I’ve been exploring Nomad with a bare metal cluster of 3 servers and 7 clients. Nomad version is 1.3.5. Everything communicates via a Nebula overlay network on 192.168.100.0/24 to keep the config simple. The 3 servers are all in different DCs in Montreal. RTT between them < 2ms over Nebula. The 7 clients are more dispersed, all < 80ms.

A few days ago the cluster unexpectedly ended up in a state with all 7 clients showing as down, with no services running, yet with all 3 servers apparently being alive. At this point Nomad processes on the clients all seemed to be running without apparent issues, yet restarting the nomad service on each client immediately caused that client to be marked as ready and to receive allocations again.

While going through the logs, it looks like this state seems to have somehow been precipitated by a brief network outage that had occurred at one of the Montreal DCs ie affecting just 1 one of the servers. The affected server was not the elected leader at the time of the connectivity outage. While it looks like connectivity was only briefly out, there was then a period of over an hour in the logs of all 3 servers where there was leadership instability, the cluster seeming to bounce between having no leader and having an elected leader.

I presume this somehow ended up causing the servers to lose track of client status, but I haven’t even gotten that far yet in my analysis, because I’ve since been trying to simulate this type of network partition with one of the servers, and the server behaviour has me really puzzled.

My steps to simulate:

Start with all 3 servers showing as alive. (In the attached examples, at this point vitalia is the leader and solaria and landra are followers). Tail their logs.
Pick one of the servers that is not the leader, in the attached example I’ve picked landra, and stop it’s nebula service
Wait for that server to show up as failed in the UI.
- At this point cluster seems totally fine, nothing unexpected in the logs, work continues despite the 1 failed server.
Now, restart the nebula service on the ‘failed’ server (ie landra)
- At this point things seem to go haywire.
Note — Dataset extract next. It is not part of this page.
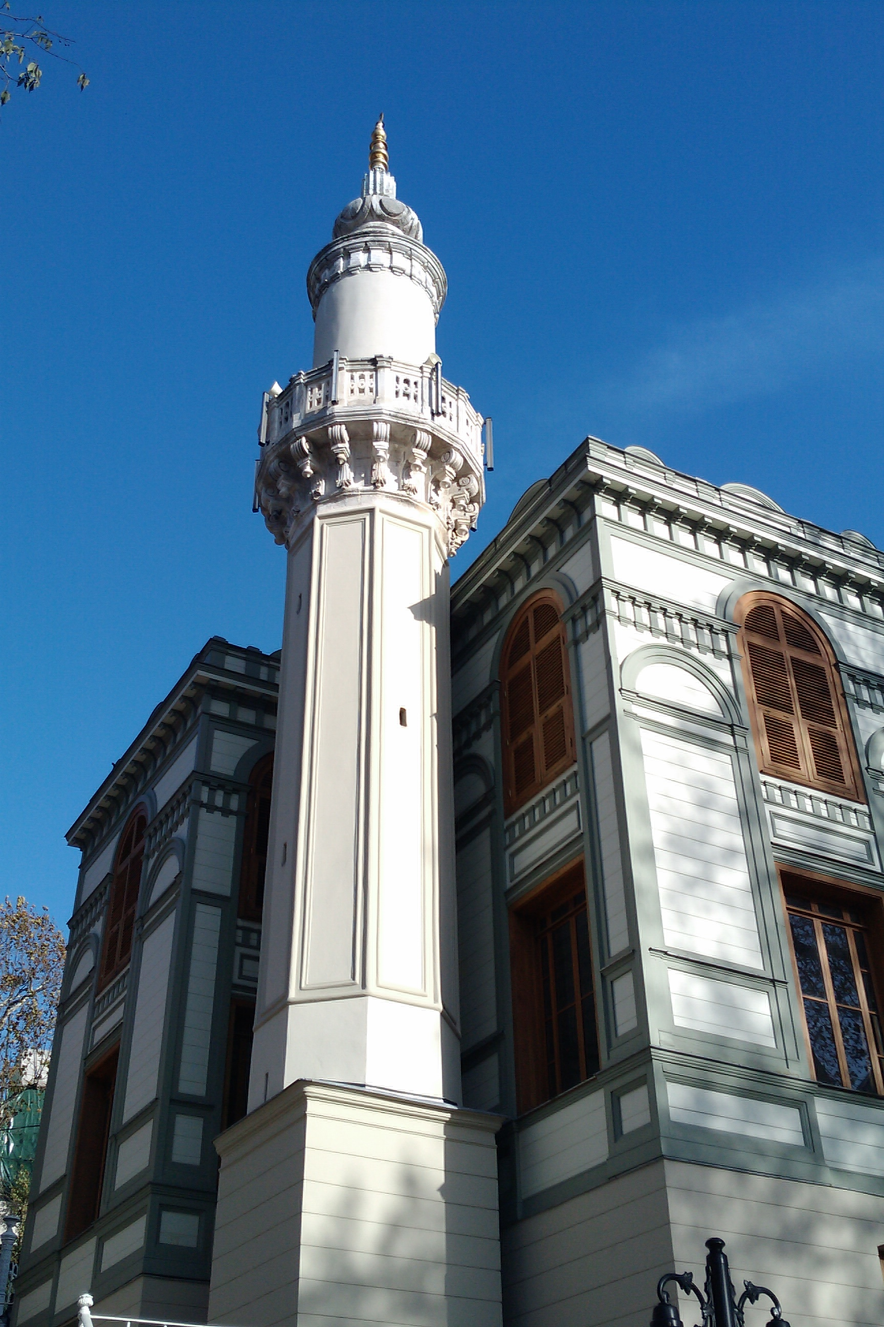 An exterior view of Ertuğrul Tekke Mosque located in Yıldız neighbourhood of Beşiktaş district in Istanbul, Turkey.

Below sample of logs, taken from the point connectivity resumes, shows vitalia losing and regaining leadership in an apparently ongoing cycle.
- This instabiliy seems to continue, at least over a period of minutes, until I intervene, in this example by stopping the nomad service on landra. This immediately seems to stabilize the leadership between the 2 remaining servers. If I start the nomad service on landra again, the instability immediately returns.
- To stabilize, I stop the nomad service on landra, remove /var/nomad, and restart the nomad service; at this point landra rejoins the cluster as follower and everything seems good.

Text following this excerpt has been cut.